Going down the data below, set down exactly the line with "这个是成就列表没有显示的成就" and each line after it through the line with "เหรียญเจ้าแม่กวนอิมพันมือ รุ่นมหาเมตตากรุณา วัดมังกรกมลาวาส"; no other lines.

Data to examine =
=== Begin Enclosure ===

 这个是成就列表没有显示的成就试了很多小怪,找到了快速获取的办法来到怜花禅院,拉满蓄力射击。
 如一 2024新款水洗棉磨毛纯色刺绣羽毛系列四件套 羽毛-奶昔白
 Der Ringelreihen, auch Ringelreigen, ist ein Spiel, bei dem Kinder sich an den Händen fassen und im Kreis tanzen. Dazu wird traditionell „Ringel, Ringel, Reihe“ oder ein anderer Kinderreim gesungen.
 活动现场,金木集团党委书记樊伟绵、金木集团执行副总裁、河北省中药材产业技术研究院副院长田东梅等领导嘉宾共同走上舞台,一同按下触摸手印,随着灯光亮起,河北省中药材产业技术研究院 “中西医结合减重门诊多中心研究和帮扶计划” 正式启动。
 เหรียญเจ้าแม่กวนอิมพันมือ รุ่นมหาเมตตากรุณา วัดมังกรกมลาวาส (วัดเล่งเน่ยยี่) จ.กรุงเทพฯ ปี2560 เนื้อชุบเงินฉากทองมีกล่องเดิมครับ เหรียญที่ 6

=== End Enclosure ===
=== Begin Enclosure ===

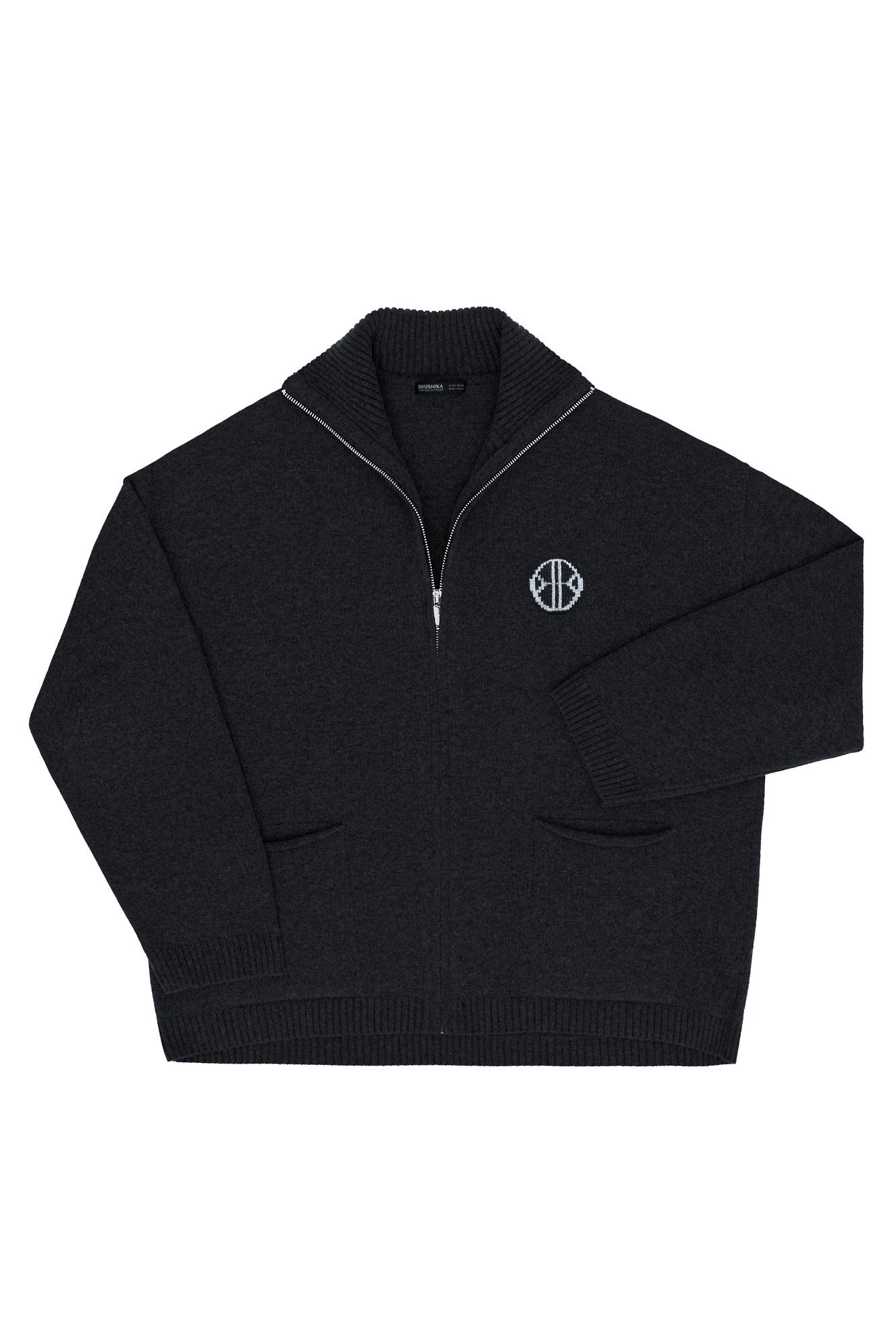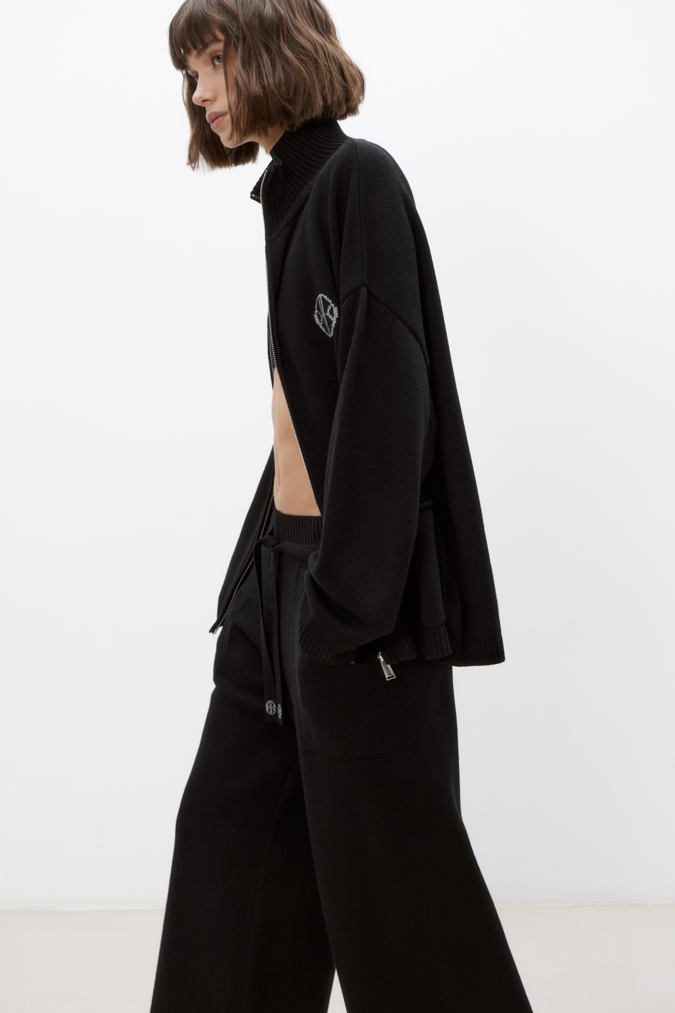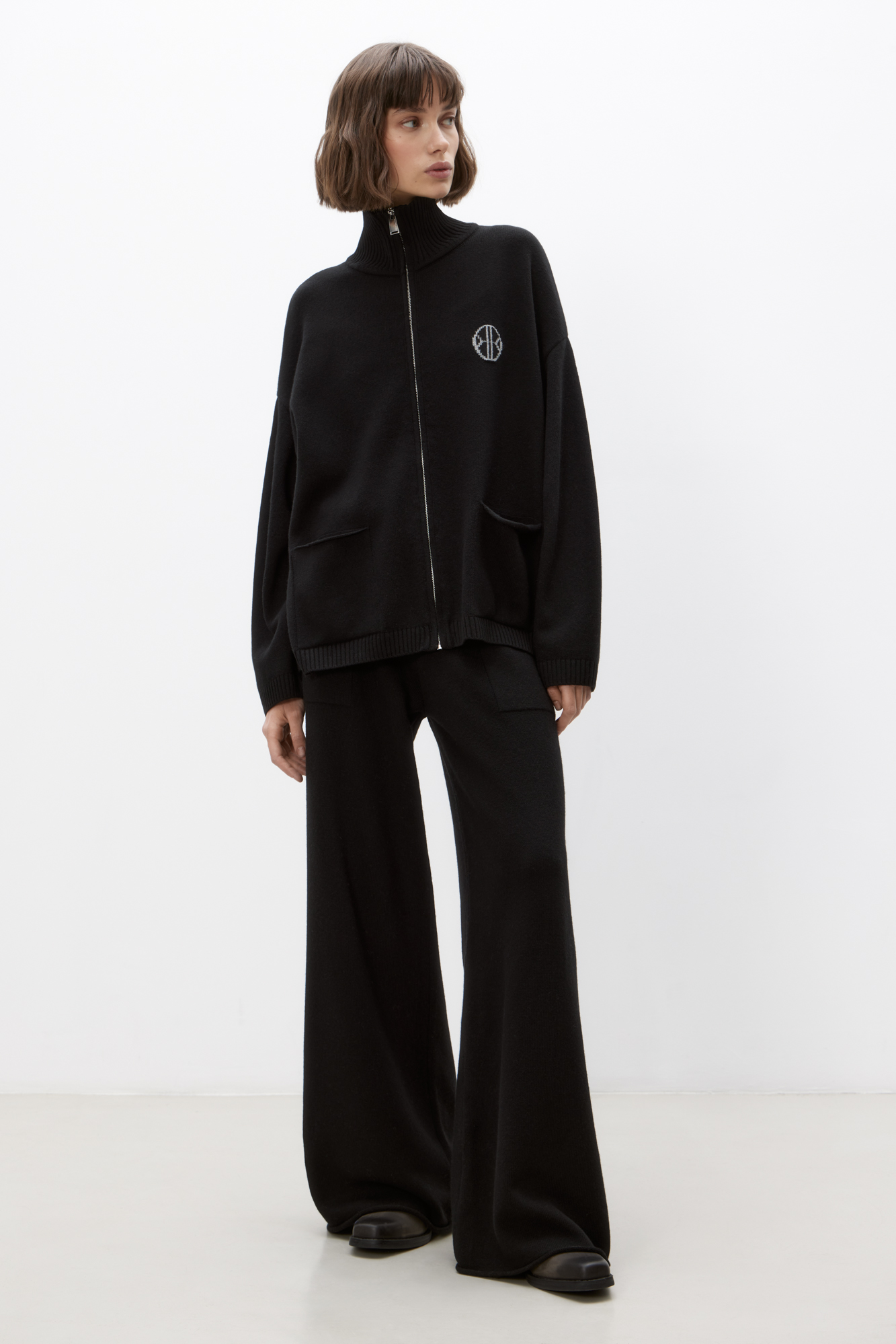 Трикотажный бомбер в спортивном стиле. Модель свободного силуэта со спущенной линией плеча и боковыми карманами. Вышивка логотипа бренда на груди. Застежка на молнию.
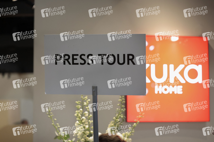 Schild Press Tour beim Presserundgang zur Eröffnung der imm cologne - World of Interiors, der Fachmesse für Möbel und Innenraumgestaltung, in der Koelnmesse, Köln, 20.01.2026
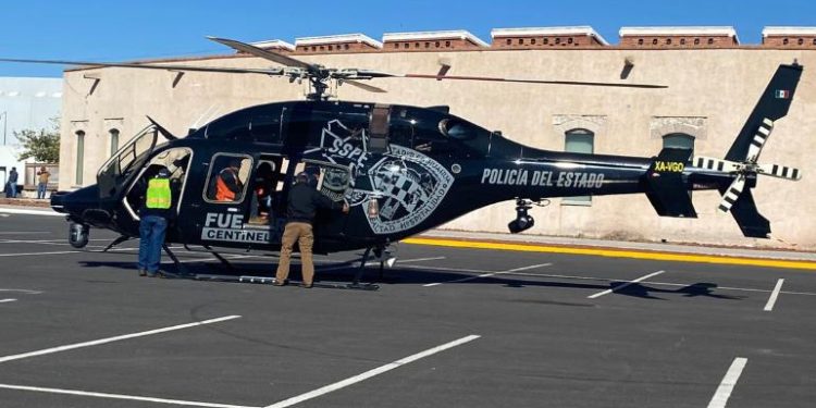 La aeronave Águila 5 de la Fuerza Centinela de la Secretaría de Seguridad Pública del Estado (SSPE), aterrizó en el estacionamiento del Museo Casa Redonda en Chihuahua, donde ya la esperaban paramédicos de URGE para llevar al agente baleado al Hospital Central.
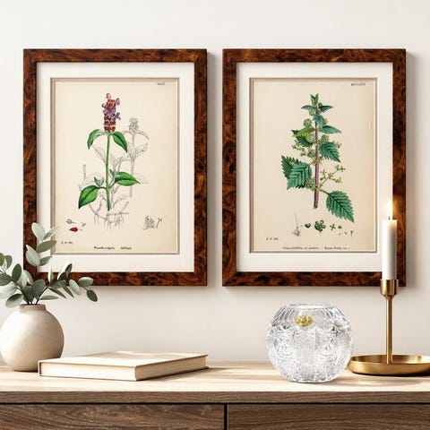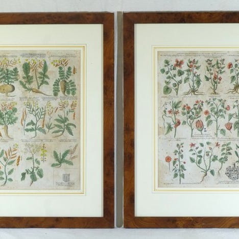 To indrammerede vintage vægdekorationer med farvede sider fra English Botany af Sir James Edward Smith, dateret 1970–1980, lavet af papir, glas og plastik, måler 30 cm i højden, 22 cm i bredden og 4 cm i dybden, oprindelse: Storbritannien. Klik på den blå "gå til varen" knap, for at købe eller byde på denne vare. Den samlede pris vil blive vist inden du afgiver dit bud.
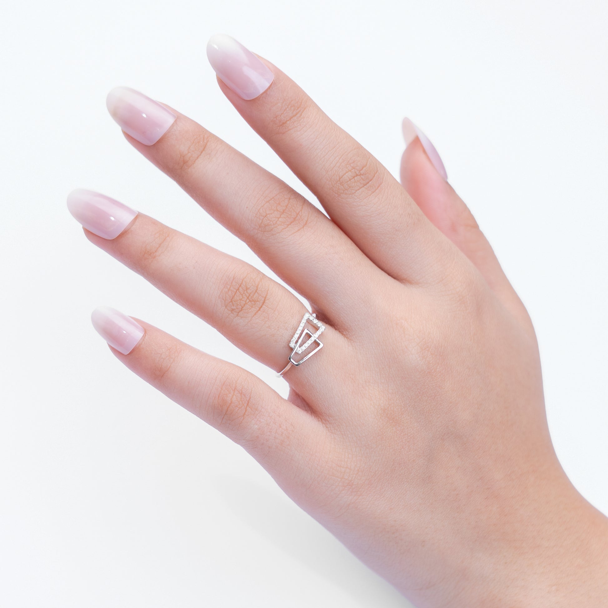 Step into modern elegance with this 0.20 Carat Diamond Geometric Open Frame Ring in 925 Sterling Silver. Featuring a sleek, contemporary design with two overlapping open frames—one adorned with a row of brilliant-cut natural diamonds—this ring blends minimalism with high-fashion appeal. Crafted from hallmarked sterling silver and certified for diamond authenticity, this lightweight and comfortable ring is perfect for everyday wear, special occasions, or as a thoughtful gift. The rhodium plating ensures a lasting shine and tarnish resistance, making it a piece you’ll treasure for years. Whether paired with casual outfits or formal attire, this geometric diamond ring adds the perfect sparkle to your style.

=== End Enclosure ===

Result of this task =
 这个是成就列表没有显示的成就试了很多小怪,找到了快速获取的办法来到怜花禅院,拉满蓄力射击。
 如一 2024新款水洗棉磨毛纯色刺绣羽毛系列四件套 羽毛-奶昔白
 Der Ringelreihen, auch Ringelreigen, ist ein Spiel, bei dem Kinder sich an den Händen fassen und im Kreis tanzen. Dazu wird traditionell „Ringel, Ringel, Reihe“ oder ein anderer Kinderreim gesungen.
 活动现场,金木集团党委书记樊伟绵、金木集团执行副总裁、河北省中药材产业技术研究院副院长田东梅等领导嘉宾共同走上舞台,一同按下触摸手印,随着灯光亮起,河北省中药材产业技术研究院 “中西医结合减重门诊多中心研究和帮扶计划” 正式启动。
 เหรียญเจ้าแม่กวนอิมพันมือ รุ่นมหาเมตตากรุณา วัดมังกรกมลาวาส (วัดเล่งเน่ยยี่) จ.กรุงเทพฯ ปี2560 เนื้อชุบเงินฉากทองมีกล่องเดิมครับ เหรียญที่ 6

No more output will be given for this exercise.